Сцены медитаций и любовных переживаний Мэрлина в тайге и застывшем времени, перемежаются главами стремительных похождений в новой реальности Земли времен эвакуации. Линии вплетены одна в другую. Из них рождается третья. В образах и разборках постранично развертываются доказательства, что так (или примерно так) оно все и будет. Процесс уже идет. Нас уже строят в очередь. И мы строимся.
Все персонажи узнаваемы. Они ни из какого не из будущего. Они - сегодняшние.Только в несколько более продвинутой стадии озверелости. Что Роман Ильич довольно быстро испытывает на собственной шкуре.
Солдатики ООН, поддерживающие порядок в Очереди по всему миру ( в России это индусы-сикхи) - не зная языка коренного населения , заставляют Романа без лишних разговоров копать себе могилу. Затем герой попадает под дубинки юных патриотов, заподозривших его в жидовстве. По присвоенному отличительному знаку толпа принимает Мэрлина за пророка и готова давиться за каждое его слово.
Общество в отсутствие альтернативы. Сомневающиеся не решаются выступить на растерзание толпы. Все ненавидят всех. Молодежь особенно ненавидит стариков, загубивших планету, а теперь, по решению правительств, занимающих первые места на отправку. Российские младопатриоты забивают палками любого, кто не проходит тест на любовь к Родине.

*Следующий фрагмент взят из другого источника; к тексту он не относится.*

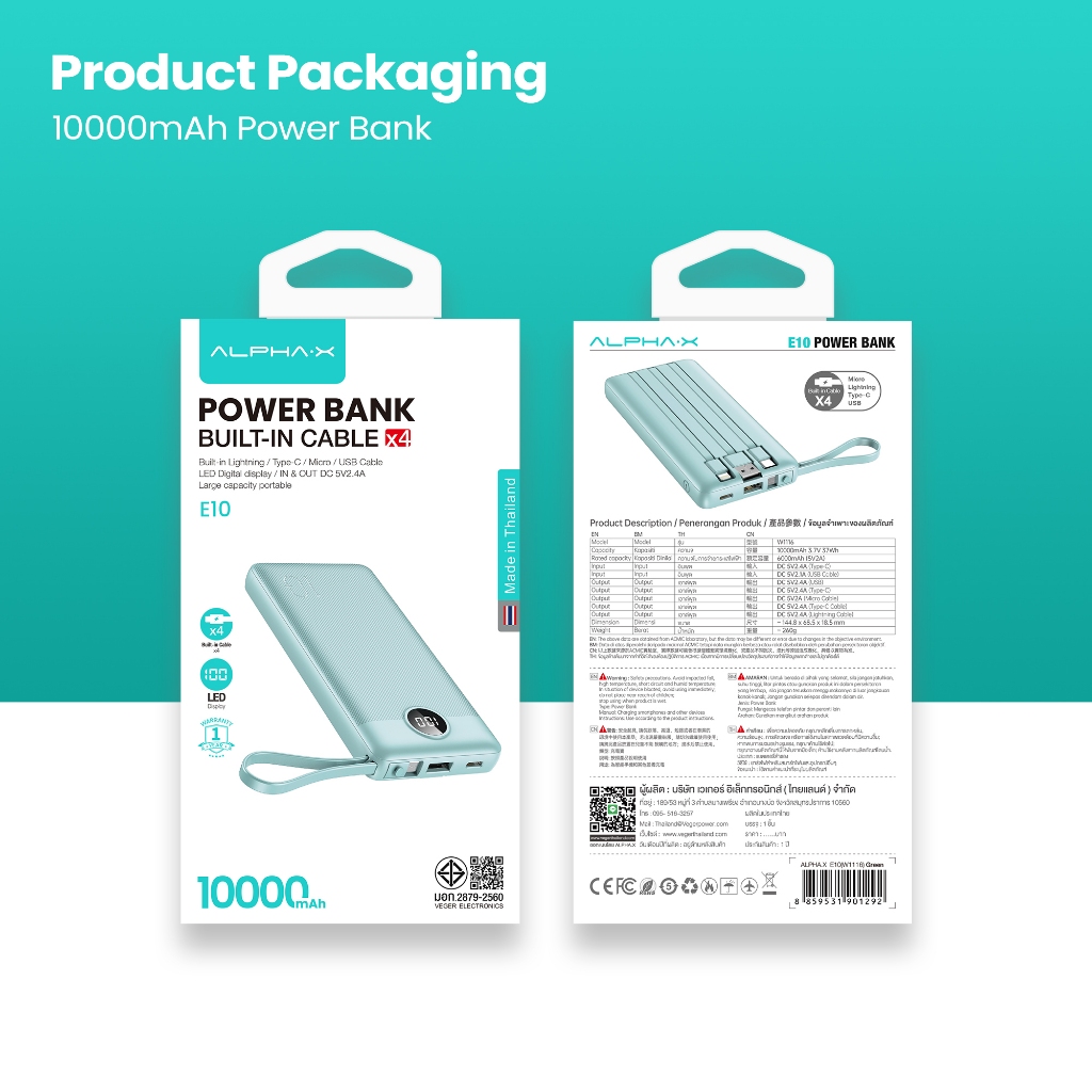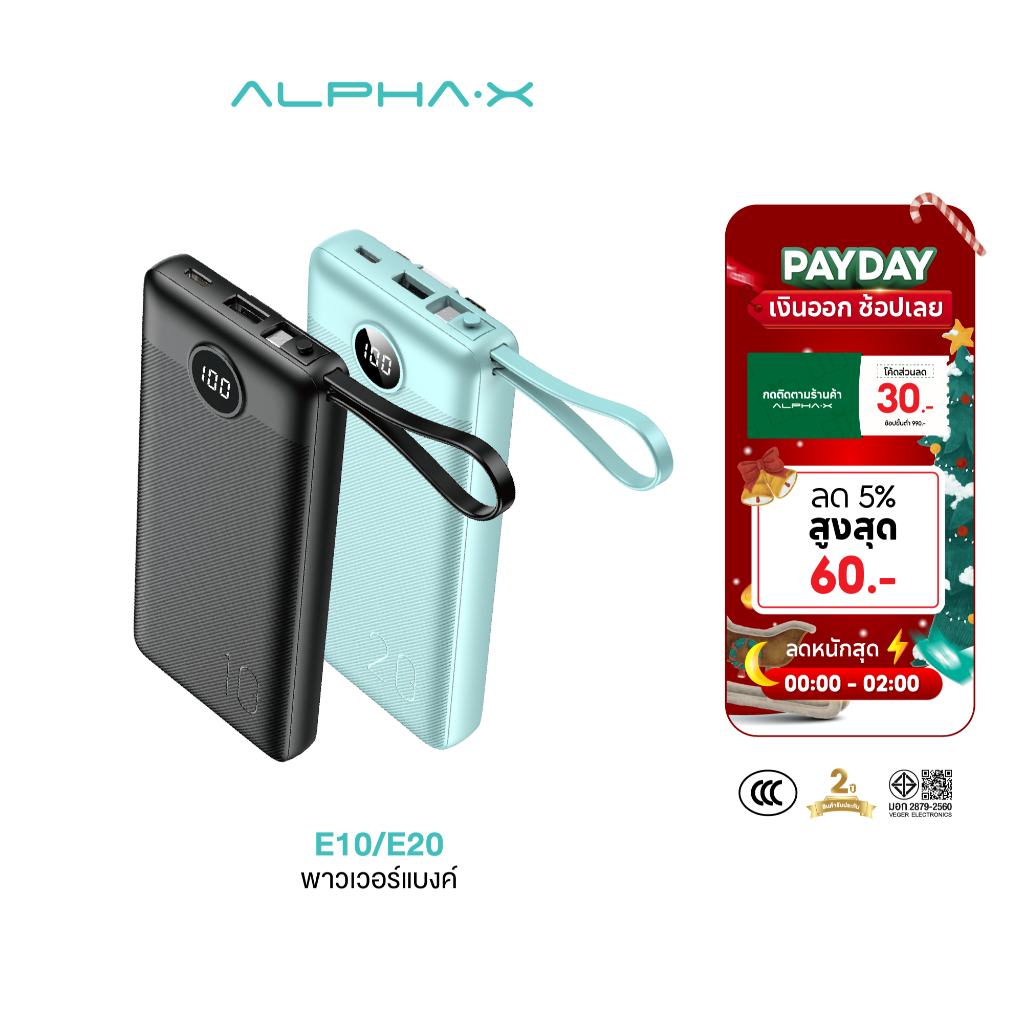 【CCC】ALPHA X รุ่นE10/E20 Power bank 10000 20000mAh สายชาร์จ 4 in1 ในตัว จอLED【รับประกัน 2ปี】
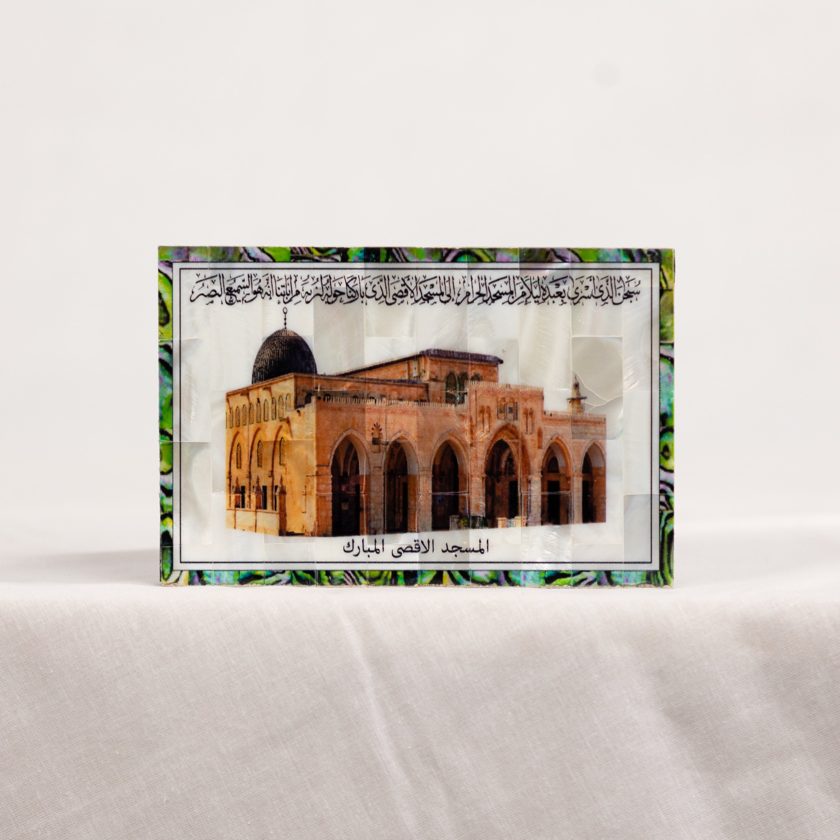 Design: Features Masjid Al-Aqsa with a Quranic verse above, bordered with luminous mother of pearl

Деградацию, растянутую во времени, Успенский сделал одноразовой и необратимой. Показано, что будет, если вычесть из общества масскульта последних интеллектуалов, свободно мыслящих, эрудированных и независимых. Никто не призовет и не образумит. Все соображающие либо уничтожены, либо ушли в подполье, откуда их никто не слышит, либо перешли на службу новой веры.
Величайшее ли злодейство творится с этим переходом человечества в мир иной или землян действительно ждут обещанные райские кущи - ответа на этот вопрос нет до самой последней страницы романа. Да это, по Успенскому, и не важно. Человек, отказавшийся от разума, независимости, совести и сомнений уже уничтожил себя. Для того что от него осталось - все равно что впереди - газовая камера или Рай из машины.
"Фашизм - естественное состояние человечества",- роняет герой афоризм между прочим.
"Райская машина" - роман всеобщего исхода и абсолютно безысходный. Естественное подавленное состояние при подобном чтении взвинчивается шутками и типично успенским юмором. Когда смех стихает и роман дочитан - впечатление остается самое тягостное.
Герой первой повести Стругацких о сталкере, добравшись до шара, исполняющего желание, не может ничего придумать в своей просьбе, кроме чего-то плакатного вроде "Мира во всем мире". Герои последней версии их сценария для фильма Тарковского в финале так и не могут сказать, есть ли место на Земле, где исполняются желания. По Михаилу Успенскому, любые реальные перспективы всеобщего счастья не сулят человечеству в нынешнем его состоянии ничего, кроме поголовного свинства.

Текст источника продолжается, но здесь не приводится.